Диалоги - Лем Станислав. Страница 18
ГИЛАС. И поэтому ты считаешь, что жизнь и сознание могут существовать отдельно и что может существовать структура, созданная из неживых элементов (в обычном смысле слова), в которой возможно возникновение сознания?
ФИЛОНУС. Самым серьезным образом. Более того, я считаю, что основополагающие принципы действия мозга одинаковы во всех уголках материальной Вселенной, хотя существа, обладающие этими мозгами, могут в такой же степени отличаться от человека, как звезда отличается от морской звезды. Это могут быть существа, в высшей степени на нас непохожие – и, однако, их мозги, функционируя, будут обнаруживать правила индукции, дедукции, бритвы Оккама (минимальность гипотез)...
ГИЛАС. Прекрасно. Позволь мне задать тебе несколько вопросов на тему сознания.
ФИЛОНУС. Пожалуйста, спрашивай, друг.
ГИЛАС. Принимаю твой тезис о том, что понятие сознания включает в себя целый класс явлений, но для удобства мы и в дальнейшем будем пользоваться одним словом, как и прежде. Только скажи мне, пожалуйста, где, по-твоему, помещается мое сознание? Может быть, в моей голове?
ФИЛОНУС. А где же еще?
ГИЛАС. Итак, в моей голове. А ты можешь мне его показать?
ФИЛОНУС. Мое пищеварение помещается в органах моей брюшной полости, не правда ли? Не будешь ли ты любезен показать мне мое пищеварение?
ГИЛАС. Я мог бы продемонстрировать тебе и всем другим желающим процессы твоего пищеварения посредством хирургического вскрытия живота под местным наркозом. Если же ты мне после трепанации черепа под местным наркозом покажешь (в зеркале, например) мой мозг, то мы оба – как ты, так и я – не увидим моего сознания, хуже того, мы не увидим даже никаких процессов, напоминающих это обобщающее название. Ведь невозможно будет увидеть ни моего восприятия, ни мыслей об облаках, ни моей зубной боли. Поэтому я считаю, что сознание вовсе не локализировано в объективном физическом пространстве. Если бы мы согласились с тем, что сознание можно и нужно локализовать, то в нашей речи это отразилось бы в очень забавных формулировках, например, что когда я наклоняюсь перед обедом, то это мой голод наклоняется (то есть чувство голода), что когда я, несчастный влюбленный, бьюсь головой о стену, то это моя любовь ритмично удаляется от этой стены и приближается к ней и т.д. Что скажешь?
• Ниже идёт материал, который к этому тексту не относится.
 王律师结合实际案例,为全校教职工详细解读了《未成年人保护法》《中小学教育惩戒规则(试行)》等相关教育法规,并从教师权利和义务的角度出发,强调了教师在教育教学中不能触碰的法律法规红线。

ФИЛОНУС. Скажи мне, пожалуйста, Гилас, где помещается «отталкивание тел, имеющих одинаковый заряд»?
ГИЛАС. Понимаю, к чему ты клонишь. «Отталкивания вообще» я тебе показать не могу, это абстракция. Однако я могу тебе показать конкретное явление отталкивания на паре тел с одинаковым зарядом.
ФИЛОНУС. Ты так считаешь? Ты покажешь мне только, как увеличивается расстояние между двумя телами. Увидеть можно движение, а не «отталкивание». «Отталкивание» является определенным обобщением, абстрактным понятием, так же точно, как любовь. Если лабораторный стол, на котором ты будешь демонстрировать опыт с частицами, имеющими одинаковый заряд, мы поднимем к потолку, то будешь ли ты утверждать, что отталкивание поднялось? Можем взять другой пример. Ты в состоянии увидеть электрон?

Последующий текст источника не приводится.